After an amazing weekend, how do I cap it off?  I take Monday morning off of work, hop on my motorcycle, and go to a Team Oregon cornering clinic at Pat's Acres Racing Complex in Canby.  The goal was to work on making turns smoother (and thus safer) while being, at the same time, faster and more precise.  It was an amazing class!

This was actually my second attempt at taking the class.  The first attempt was during the week I took off to build a fence (or, as it turned out, build a retaining wall.)  That class got rained out.  Today's weather was sunny and warm, almost perfect conditions for motorcycling comfortably!  I got there at 9:10 AM, unfortunately a few minutes late, but was able to jump right in.  The first time around was a chance to learn the turns and the best lines to take.  We were going counter-clockwise, or, as my boss - who used to race go-karts there informed me - "the proper way".  We weren't allowed to pass, but it really wasn't necessary.  Then we went out to try it again, with higher speeds.  We could pass along the straight if we needed (and I both passed and was passed) and there were instructors out there at some of the turns, coaching us on timing.  It was like the classes I teach, but instead of 5-15 miles per hour in a parking lot, we were doing 10-50 miles per hour on a race track.  The feedback was good, and I worked on my timing, making sure I was on the throttle before the turn, and making sure the bike was positioned properly.  I won't say I was necessarily very good at any of those things, but I was improving quickly.  It was fun braking hard and feeling the anti-lock brakes on my back tire barely kick in before I was ready to get on the throttle and turn.

Then we took a break, which I needed.  I was already dehydrated - yesterday's racing does that to you - and this gave me an opportunity to down some fluids quickly.  The lead instructor gave us some feedback, "the turns are okay, you're all braking too late, but your head turns are generally excellent - as I would expect from a group of instructors."  We all chuckled.  

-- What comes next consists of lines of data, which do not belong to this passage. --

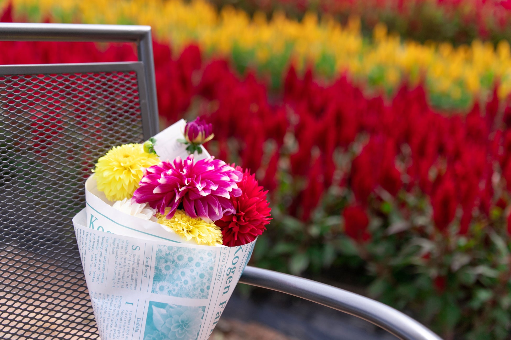 ダリア、ガーデンマム、秋の花々を展示するフォトスポットです。記念撮影におすすめです。
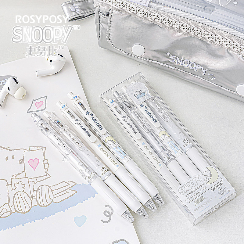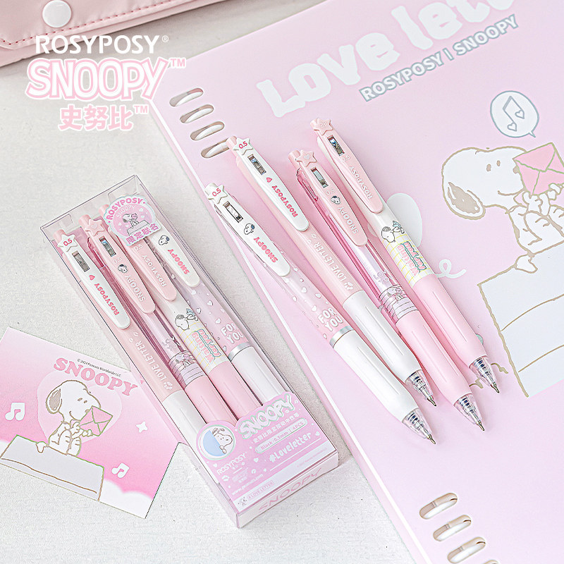 「顺滑CS双珠!韩国速干墨水」ROSYPOSY柔设史努比0.5黑笔中性笔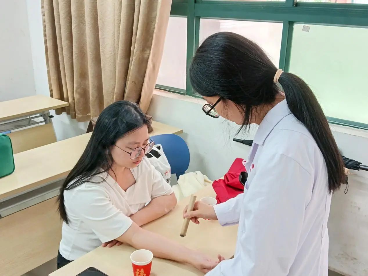 活动现场,专业的志愿者们各展所长,推拿、刮痧、艾灸、耳穴贴敷和养生花茶五大健康服务齐上阵。黄艳丹老师更是拿出把脉绝技,为前来体验的师生分析身体情况,并提供个性化健康指导,推荐他们体验不同的中医养生项目。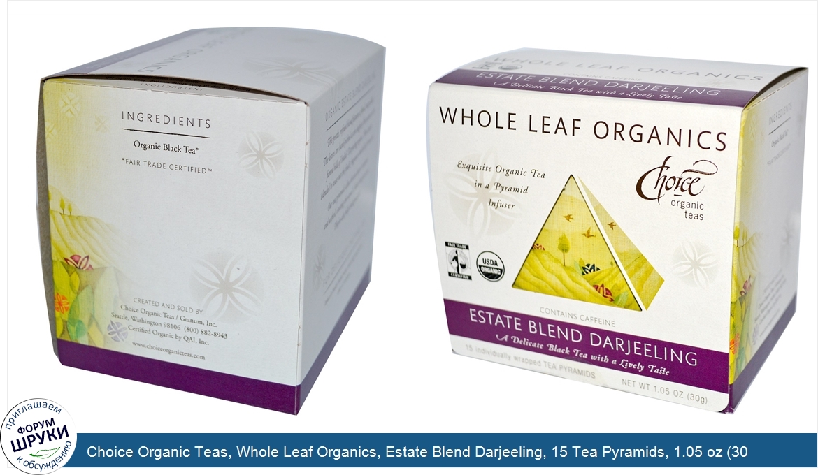 Choice Organic Teas, Whole Leaf Organics, Estate Blend Darjeeling, 15 Tea Pyramids, 1.05 oz (30 g)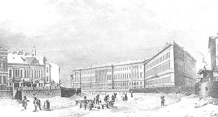 Вид здания Главного штаба со стороны Мойки.Литография К.П. Беггрова по рис. В. С. Садовникова. 1830-е гг.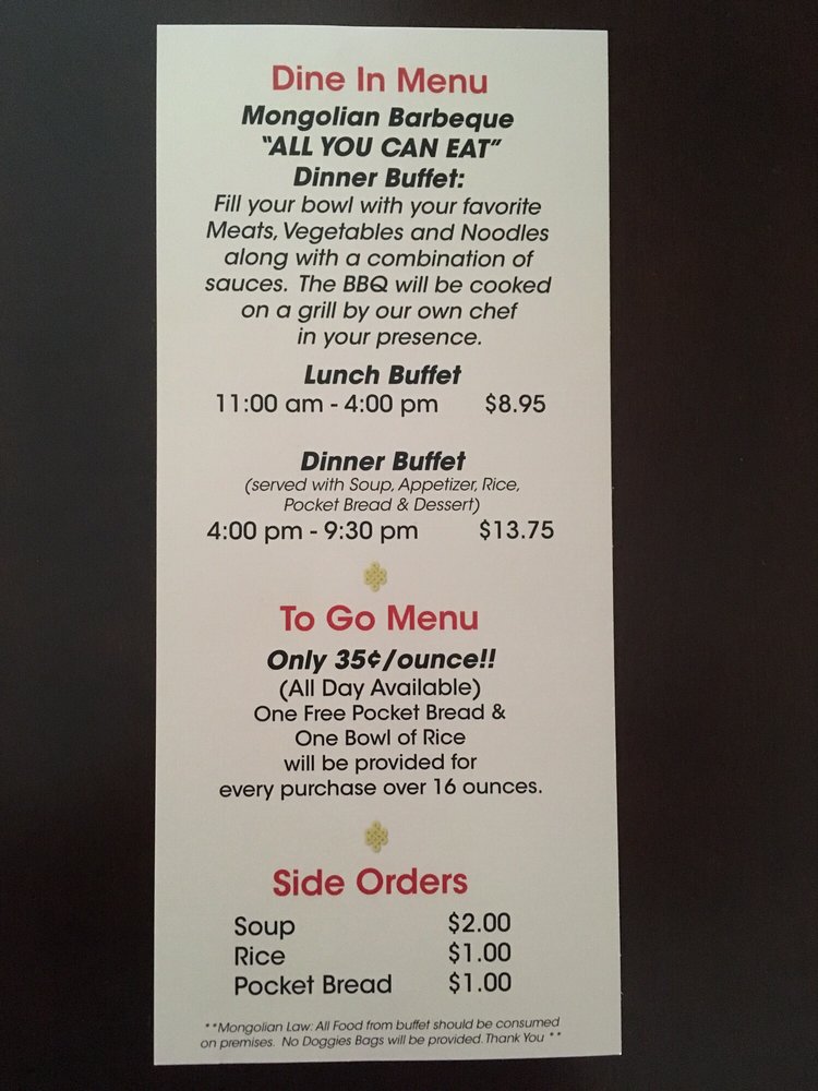 Golden Palace Mongolian BBQ Menu (Update 2025)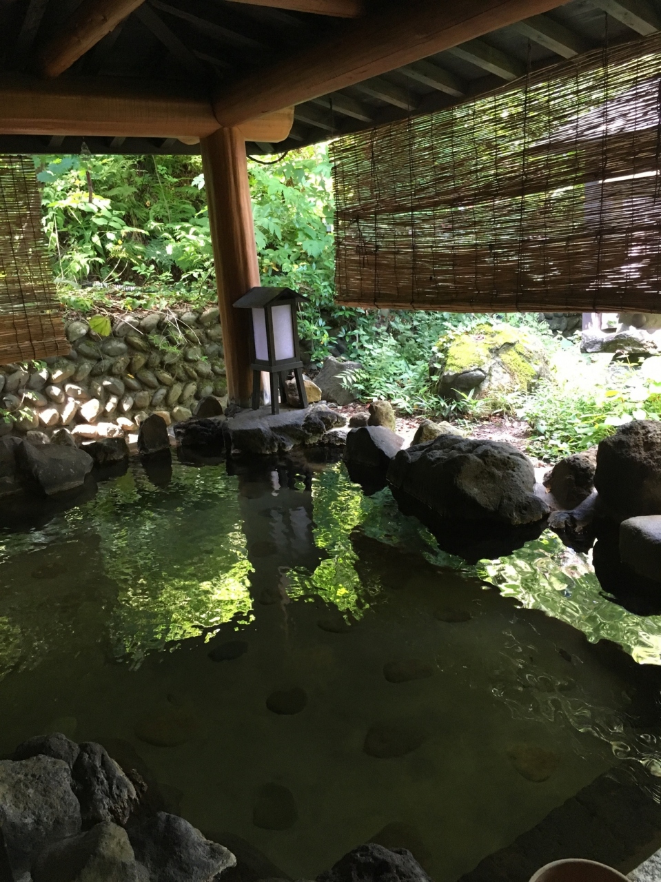 平日に日帰り入浴で訪問。10:30-から利用可能です。露天風呂に直行。屋根があるので、日陰で涼みながらゆっくりお風呂を楽しめました。お湯も適温で、独り占めできました。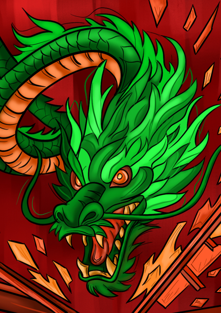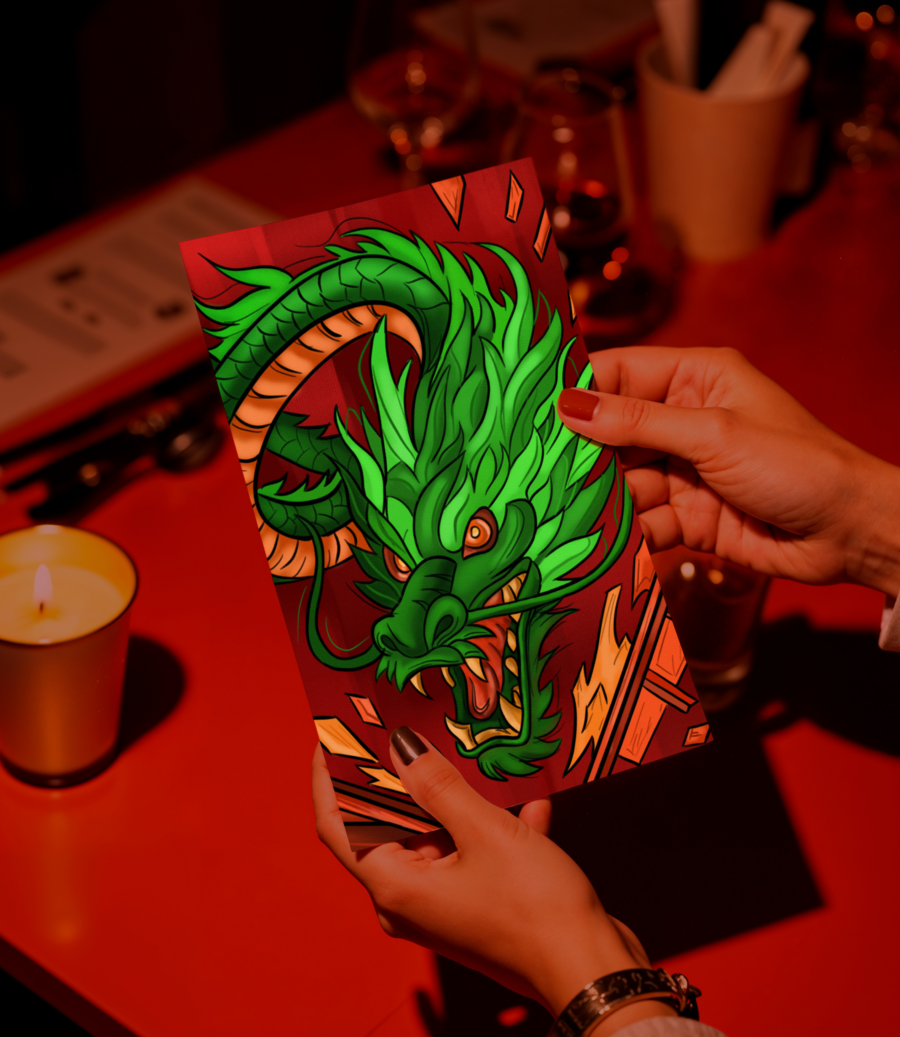 В данном модуле я работала над иллюстрациями для китайского ресторана. В качестве главного символа, я решила взять дракона, который в китайской мифологии является олицетворением мира на земле.

Upon resuming, we did the exact same exercises in the opposite direction.  This shouldn't have come as a surprise to me, since we do it in the classes I teach, but it did.  That realization made me laugh, as my students are always surprised when we reverse an exercise.  Starting out, I was again terrible - my lines were all botched, my speeds were all wrong, and I felt like I didn't know how to ride a motorcycle.  Still, a few laps in, things smoothed out.  

The final task was to have an instructor follow us around the track for a couple laps, then give us feedback.  The feedback I received was "Burton, your apexes aren't great.  For two turns in the same direction, try to have an early apex; for two turns in the opposite direction, try to have a late apex.  Now go play."  That direction, "go play", isn't something I expected to hear, but I definitely went out and try my turns differently.  I could feel when I was closer to getting it right, and was frustrated when I could tell it was wrong.  Still, it was exciting!

In all, I put 95 miles on my motorcycle this morning, and the round trip was about 66 miles.  That means that I put almost 29 miles on my bike and, considering the track is only about half a mile long, that means I went around over 55 times!  This was one of the most fun things I've done on my motorcycle in years.  I learned a lot, got great advice and feedback, and will hopefully use this to improve my riding even more!  I hope the advanced rider training class, of which the cornering clinic is a portion of and which was in the classroom while we were on the track, learns as much.